**Supplied data:**
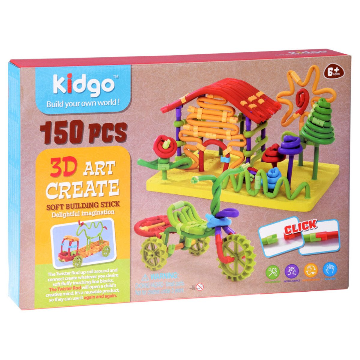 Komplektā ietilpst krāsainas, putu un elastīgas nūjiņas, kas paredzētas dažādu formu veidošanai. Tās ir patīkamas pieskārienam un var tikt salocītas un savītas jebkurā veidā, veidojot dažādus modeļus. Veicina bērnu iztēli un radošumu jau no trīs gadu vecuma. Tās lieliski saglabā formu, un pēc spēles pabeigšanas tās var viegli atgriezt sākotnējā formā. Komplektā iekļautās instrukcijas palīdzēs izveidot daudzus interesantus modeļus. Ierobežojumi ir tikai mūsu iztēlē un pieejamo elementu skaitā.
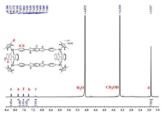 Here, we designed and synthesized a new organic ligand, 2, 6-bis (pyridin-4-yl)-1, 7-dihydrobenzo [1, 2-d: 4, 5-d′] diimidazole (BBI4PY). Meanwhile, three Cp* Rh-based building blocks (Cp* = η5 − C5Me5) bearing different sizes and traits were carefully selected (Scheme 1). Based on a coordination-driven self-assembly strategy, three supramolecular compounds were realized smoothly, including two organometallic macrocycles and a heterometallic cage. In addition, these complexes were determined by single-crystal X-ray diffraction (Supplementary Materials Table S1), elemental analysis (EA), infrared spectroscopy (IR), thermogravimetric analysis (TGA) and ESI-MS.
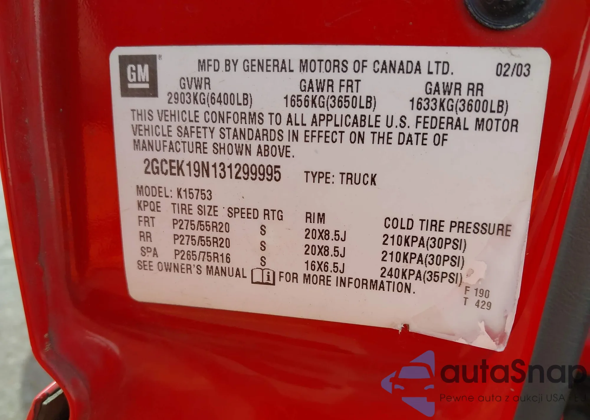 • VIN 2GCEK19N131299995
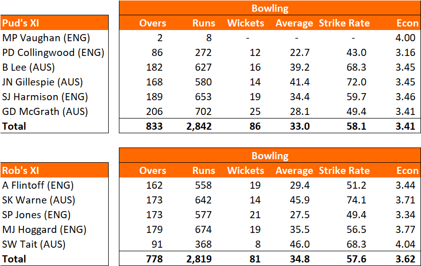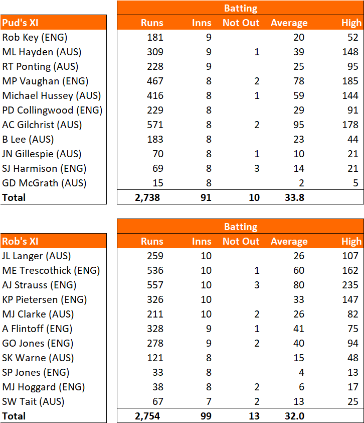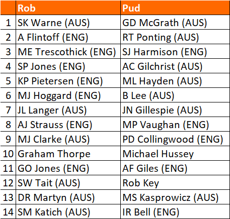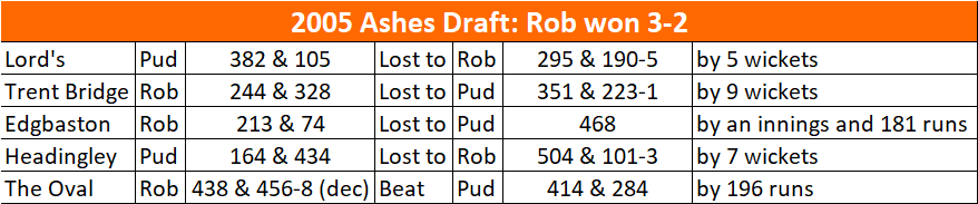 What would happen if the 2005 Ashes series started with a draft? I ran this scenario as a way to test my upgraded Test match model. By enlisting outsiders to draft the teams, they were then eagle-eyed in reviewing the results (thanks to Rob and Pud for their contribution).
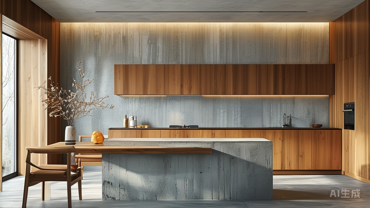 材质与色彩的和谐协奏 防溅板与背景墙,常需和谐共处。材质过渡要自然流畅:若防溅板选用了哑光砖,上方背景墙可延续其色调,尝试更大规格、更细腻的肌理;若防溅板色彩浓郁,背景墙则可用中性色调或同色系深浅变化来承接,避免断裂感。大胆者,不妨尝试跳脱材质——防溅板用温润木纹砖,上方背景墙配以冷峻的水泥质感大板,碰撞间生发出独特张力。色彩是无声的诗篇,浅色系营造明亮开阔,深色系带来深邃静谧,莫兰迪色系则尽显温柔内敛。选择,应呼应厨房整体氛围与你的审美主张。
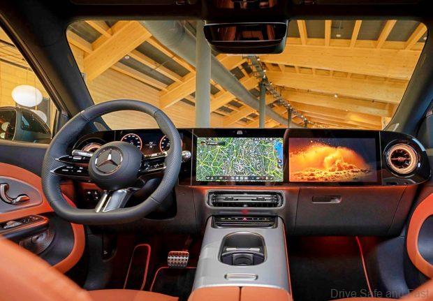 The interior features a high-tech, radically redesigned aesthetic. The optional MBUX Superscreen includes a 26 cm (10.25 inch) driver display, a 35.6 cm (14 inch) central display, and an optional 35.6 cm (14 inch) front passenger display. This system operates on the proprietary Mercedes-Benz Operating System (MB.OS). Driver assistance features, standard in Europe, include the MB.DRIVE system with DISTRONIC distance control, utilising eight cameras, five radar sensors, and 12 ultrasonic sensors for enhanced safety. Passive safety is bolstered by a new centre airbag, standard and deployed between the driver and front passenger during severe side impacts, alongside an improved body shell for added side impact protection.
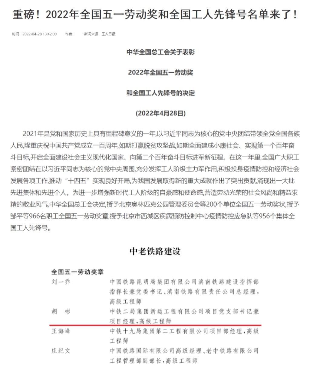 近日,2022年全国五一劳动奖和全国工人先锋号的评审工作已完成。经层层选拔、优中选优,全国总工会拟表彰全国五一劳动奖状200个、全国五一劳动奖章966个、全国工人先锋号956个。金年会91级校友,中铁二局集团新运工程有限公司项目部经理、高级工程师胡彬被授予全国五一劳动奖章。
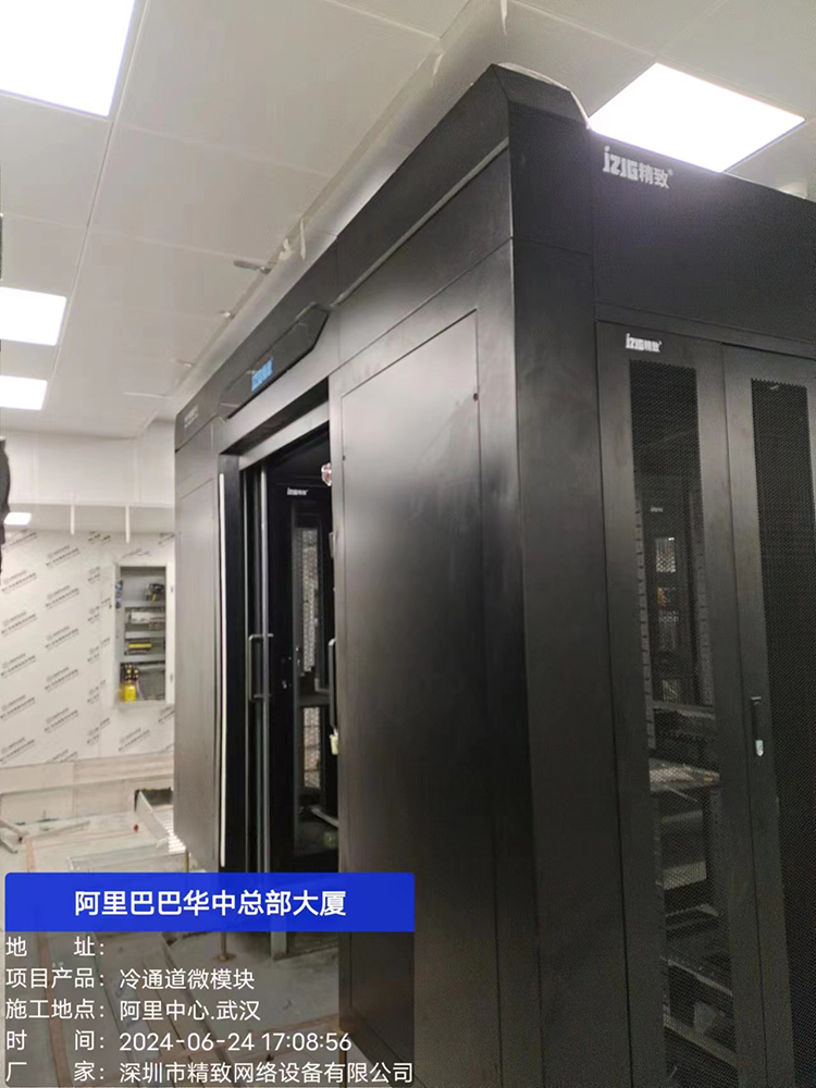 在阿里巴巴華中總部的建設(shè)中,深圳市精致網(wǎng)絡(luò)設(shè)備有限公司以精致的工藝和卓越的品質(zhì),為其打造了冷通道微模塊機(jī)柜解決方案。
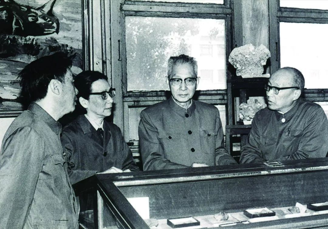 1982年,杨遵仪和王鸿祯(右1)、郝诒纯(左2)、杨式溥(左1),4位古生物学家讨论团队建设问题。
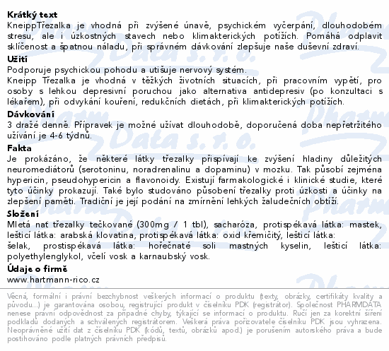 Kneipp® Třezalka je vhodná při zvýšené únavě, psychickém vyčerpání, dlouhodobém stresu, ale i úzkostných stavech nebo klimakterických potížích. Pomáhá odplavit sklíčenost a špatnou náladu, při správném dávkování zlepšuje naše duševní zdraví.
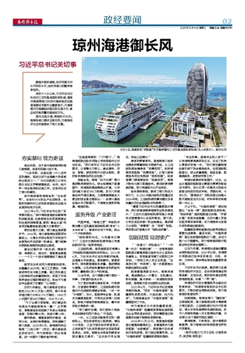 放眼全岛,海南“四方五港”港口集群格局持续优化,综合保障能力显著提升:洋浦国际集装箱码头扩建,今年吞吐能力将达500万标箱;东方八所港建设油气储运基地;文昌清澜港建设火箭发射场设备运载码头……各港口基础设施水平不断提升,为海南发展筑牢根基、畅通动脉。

...

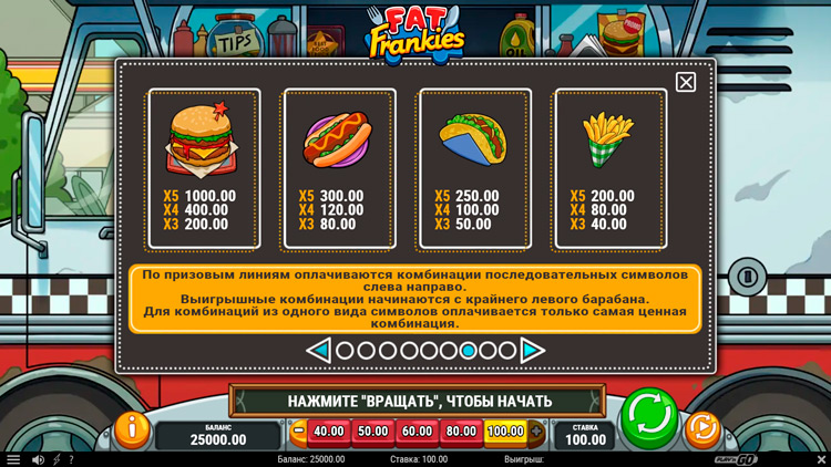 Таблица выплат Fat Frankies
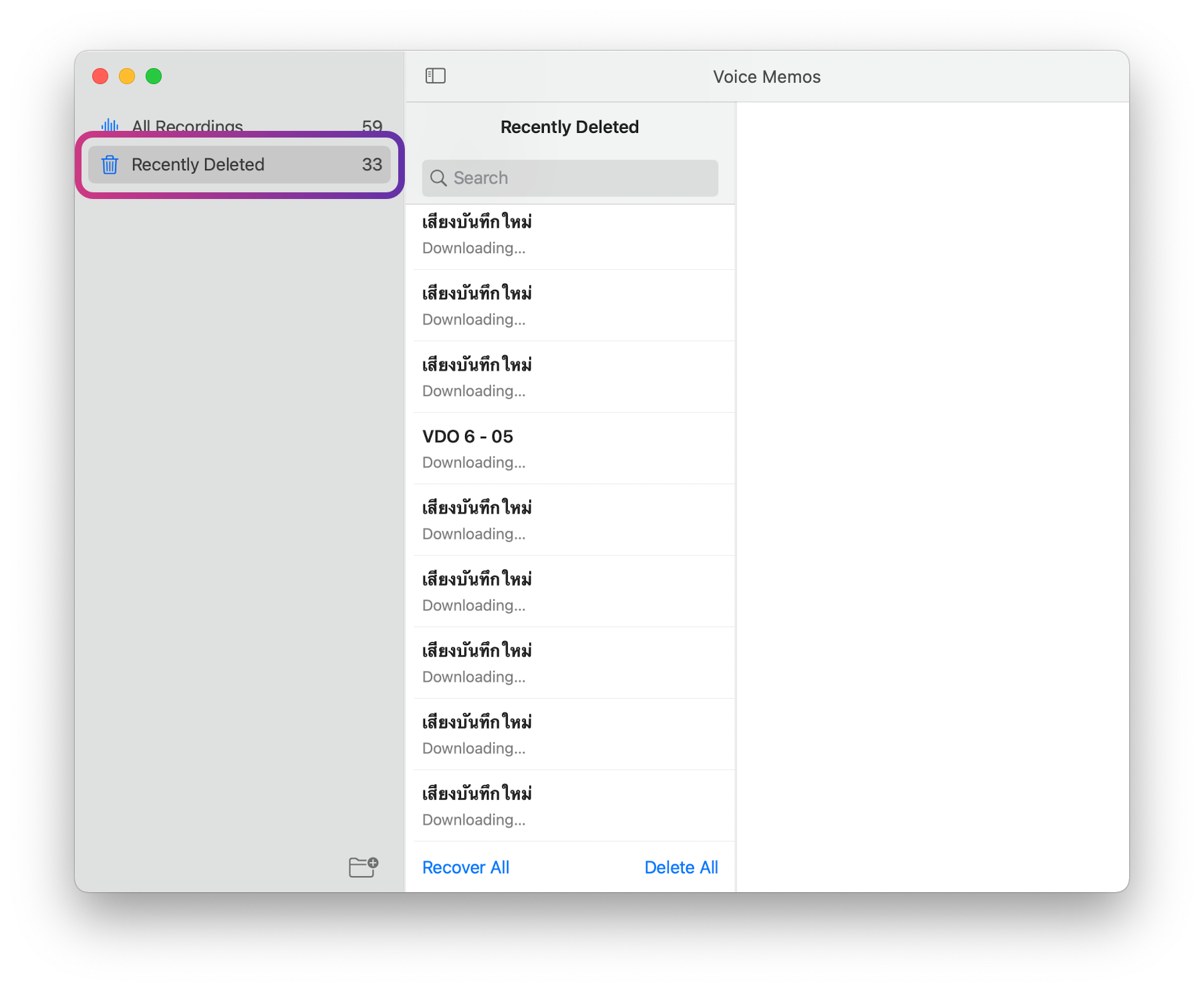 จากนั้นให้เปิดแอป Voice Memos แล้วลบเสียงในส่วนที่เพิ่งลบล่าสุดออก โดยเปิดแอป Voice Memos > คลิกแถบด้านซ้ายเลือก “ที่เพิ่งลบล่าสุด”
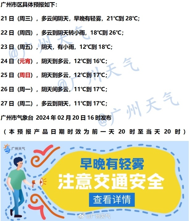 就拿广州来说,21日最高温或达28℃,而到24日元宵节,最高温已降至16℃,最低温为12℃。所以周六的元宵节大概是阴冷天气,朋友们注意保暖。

**Task description:** Each line between the one holding "Komplektā ietilpst krāsainas, putu" and the one holding "材质与色彩的和谐协奏 防溅板", inclusive, should be copied exactly as it appears above, and pictures should be omitted.

**Your solution:**
 Komplektā ietilpst krāsainas, putu un elastīgas nūjiņas, kas paredzētas dažādu formu veidošanai. Tās ir patīkamas pieskārienam un var tikt salocītas un savītas jebkurā veidā, veidojot dažādus modeļus. Veicina bērnu iztēli un radošumu jau no trīs gadu vecuma. Tās lieliski saglabā formu, un pēc spēles pabeigšanas tās var viegli atgriezt sākotnējā formā. Komplektā iekļautās instrukcijas palīdzēs izveidot daudzus interesantus modeļus. Ierobežojumi ir tikai mūsu iztēlē un pieejamo elementu skaitā.
 Here, we designed and synthesized a new organic ligand, 2, 6-bis (pyridin-4-yl)-1, 7-dihydrobenzo [1, 2-d: 4, 5-d′] diimidazole (BBI4PY). Meanwhile, three Cp* Rh-based building blocks (Cp* = η5 − C5Me5) bearing different sizes and traits were carefully selected (Scheme 1). Based on a coordination-driven self-assembly strategy, three supramolecular compounds were realized smoothly, including two organometallic macrocycles and a heterometallic cage. In addition, these complexes were determined by single-crystal X-ray diffraction (Supplementary Materials Table S1), elemental analysis (EA), infrared spectroscopy (IR), thermogravimetric analysis (TGA) and ESI-MS.
 • VIN 2GCEK19N131299995
 What would happen if the 2005 Ashes series started with a draft? I ran this scenario as a way to test my upgraded Test match model. By enlisting outsiders to draft the teams, they were then eagle-eyed in reviewing the results (thanks to Rob and Pud for their contribution).
 材质与色彩的和谐协奏 防溅板与背景墙,常需和谐共处。材质过渡要自然流畅:若防溅板选用了哑光砖,上方背景墙可延续其色调,尝试更大规格、更细腻的肌理;若防溅板色彩浓郁,背景墙则可用中性色调或同色系深浅变化来承接,避免断裂感。大胆者,不妨尝试跳脱材质——防溅板用温润木纹砖,上方背景墙配以冷峻的水泥质感大板,碰撞间生发出独特张力。色彩是无声的诗篇,浅色系营造明亮开阔,深色系带来深邃静谧,莫兰迪色系则尽显温柔内敛。选择,应呼应厨房整体氛围与你的审美主张。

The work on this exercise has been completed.